National's housing spokesman Phil Heatley

National's housing spokesman Phil Heatley

The new Government appears likely to keep real estate agent laws introduced by the previous regime but is aiming to make big changes to other property rules.

Help for people with leaking homes and streamlining building consent processes are part of National's policy and a big upgrade of the state housing stock is planned, as well as allowing state tenants to buy their houses.

Phil Heatley, National's housing spokesman who was re-elected MP for Whangarei at the weekend, said this week his party did not oppose the Real Estate Agents Act 2008 and had no plans to overturn it.

The law, opposed by the Real Estate Institute in a 300-plus page submission, was introduced to the House by former Associate Justice Minister Clayton Cosgrove and passed under urgency on September 4.

"We think it's gone through the process and National had an input into that process. It's not something that we'll be revisiting any time soon," said Heatley, referring to National having been members on the select committee.

But the Building Act and Resource Management Act would be re-examined, he said.

"The RMA was designed to protect the environment but it's created a massive bureaucracy that can create costs."

Nick Smith, National's spokesman on building and construction, is responsible for this area.

National has promised to amend the Building Act to reduce costs, establish a building ombudsman to handle building consent gripes, use the building levy to update building standards and reform the licensed building practitioner regime.

The ombudsman could discount or waive consent fees if statutory timeframes are breached.
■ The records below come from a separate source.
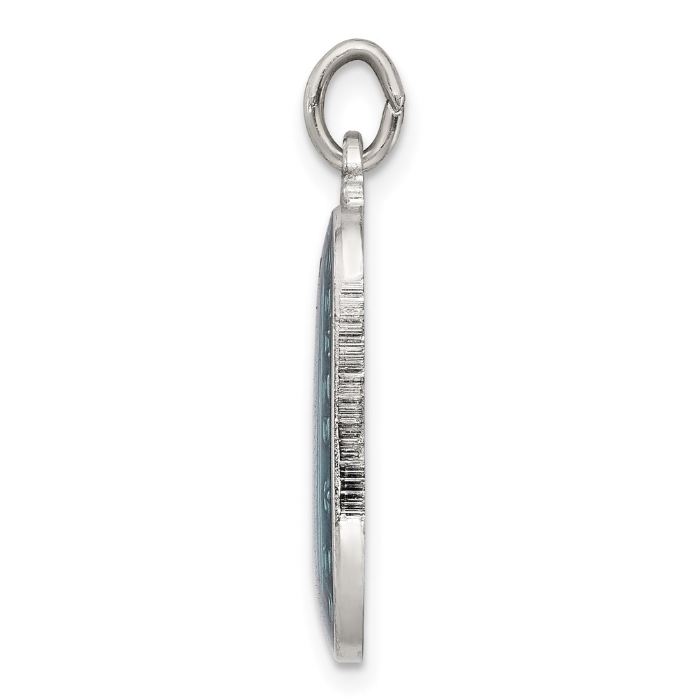 Sterling Silver Blue Enamel Square St. Christopher Medal Pendant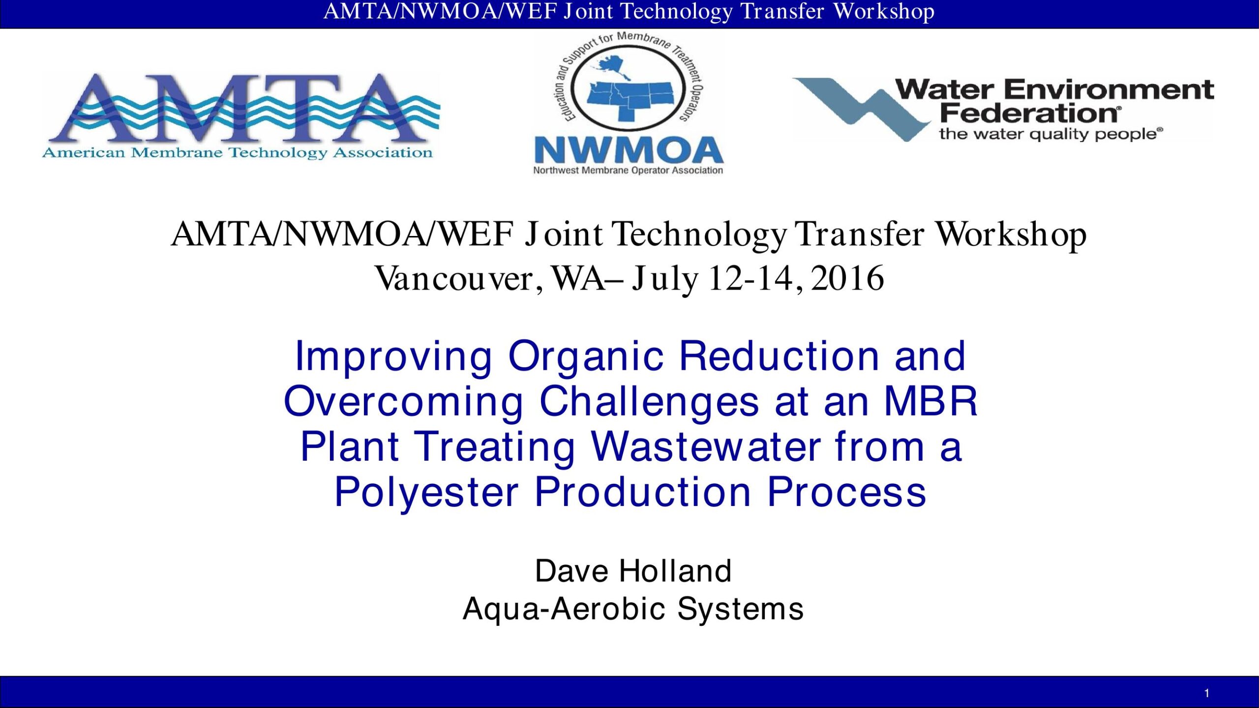 Improving Organic Reduction and Overcoming Challenges at an MBR Plant Treating Wastewater from a Polyester Production Process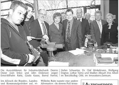 Es bietet seit Februar 2007 ein Programm für Altbewerber an. »Wir holen sie aus der Warteschleife«, sagte Madlen Allouch. Eine SPD-Delegation, der der Bundestagesabgeordnete Stefan Schwartze, SPD-Landtagskandidat Ernst-Wilhelm Rahe und Dr. Olaf Winkelmann, Fraktionschef der SPD Bad Oeynhausen, angehörten, besuchte das Berufskolleg.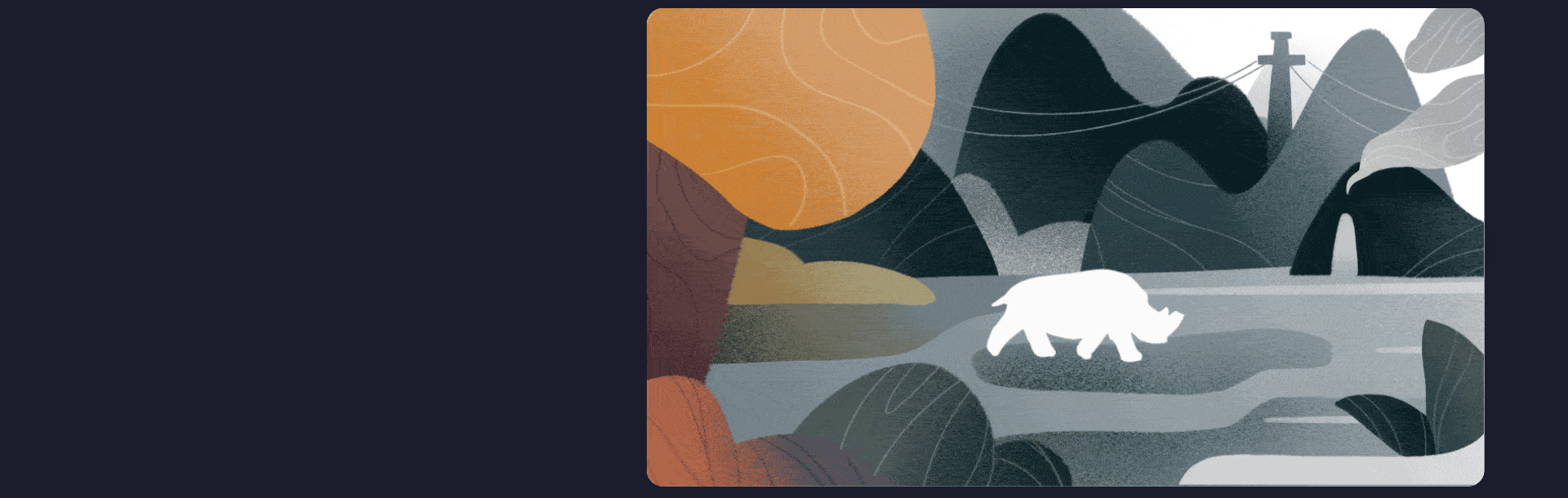 旅鸽、白鱀豚 、白犀牛都采用白色剪影的形式,象征着这些都是已逝去的灵魂。我们现在只能通过影像再次看到它们。每个动物的场景画面从彩色的到黑灰色再到最后的白色(仔细看画面,例如犀牛,可以看到之前的树藤变成了线缆),隐喻着这些动物们的经历,最后直至消失。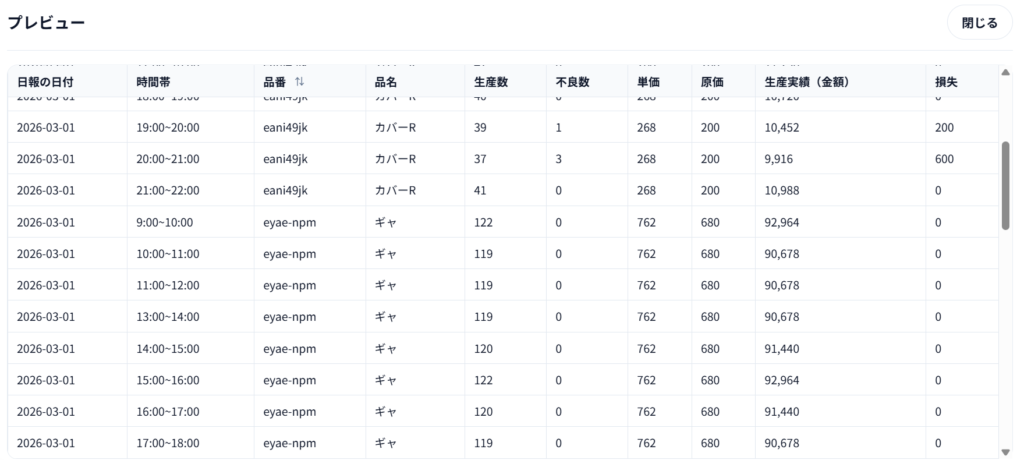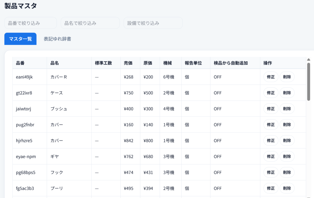 日々新規品番が増えたりする中で地味に面倒なのがマスタ整備ですが、毎日運用している製造日報を読み取るだけでマスタが整備されていく仕組みにしています。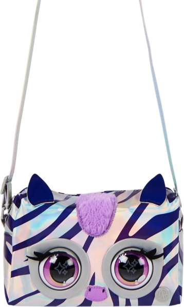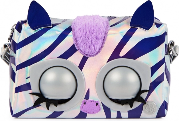 Entdecken Sie die interaktive Zebra-Handtasche von Purse Pets, die mit ihren großen zwinkernden Augen und berührungsempfindlichen Geräuschen besticht. Die Tasche kombiniert Funktionalität perfekt mit spielerischem Design.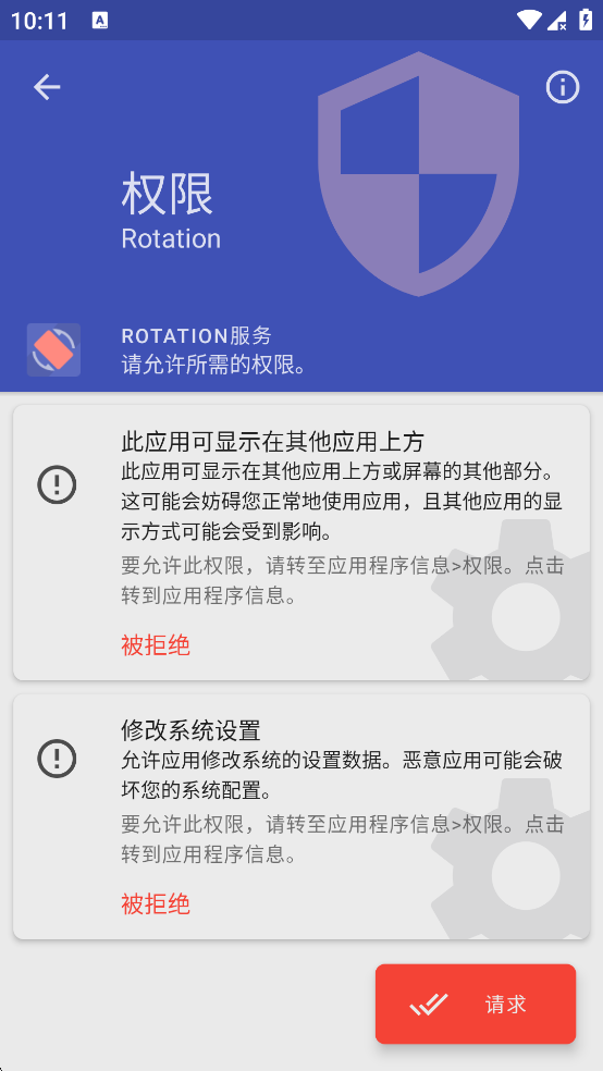 4、点击需要调整的屏幕方向,会看到设置所需要的权限,再点击请求去打开权限

National regards the new builder licensing regime - another Clayton Cosgrove law now being phased in - as excessively complicated and it wants industry organisations to develop an easier system.

National wants the Institute of Architects, Certified Builders, the Registered Master Builders Federation and Institute of Professional Engineers to develop "a simplified system which recognises existing qualifications".

Heatley said housing affordability could be improved via tax relief and "getting interest rates under control".

National's "Gateway" housing policy - free sections to first-home buyers for the first 10 years - was a crucial platform but Heatley said an inventory of Crown-owned land would also be high on the list of priorities.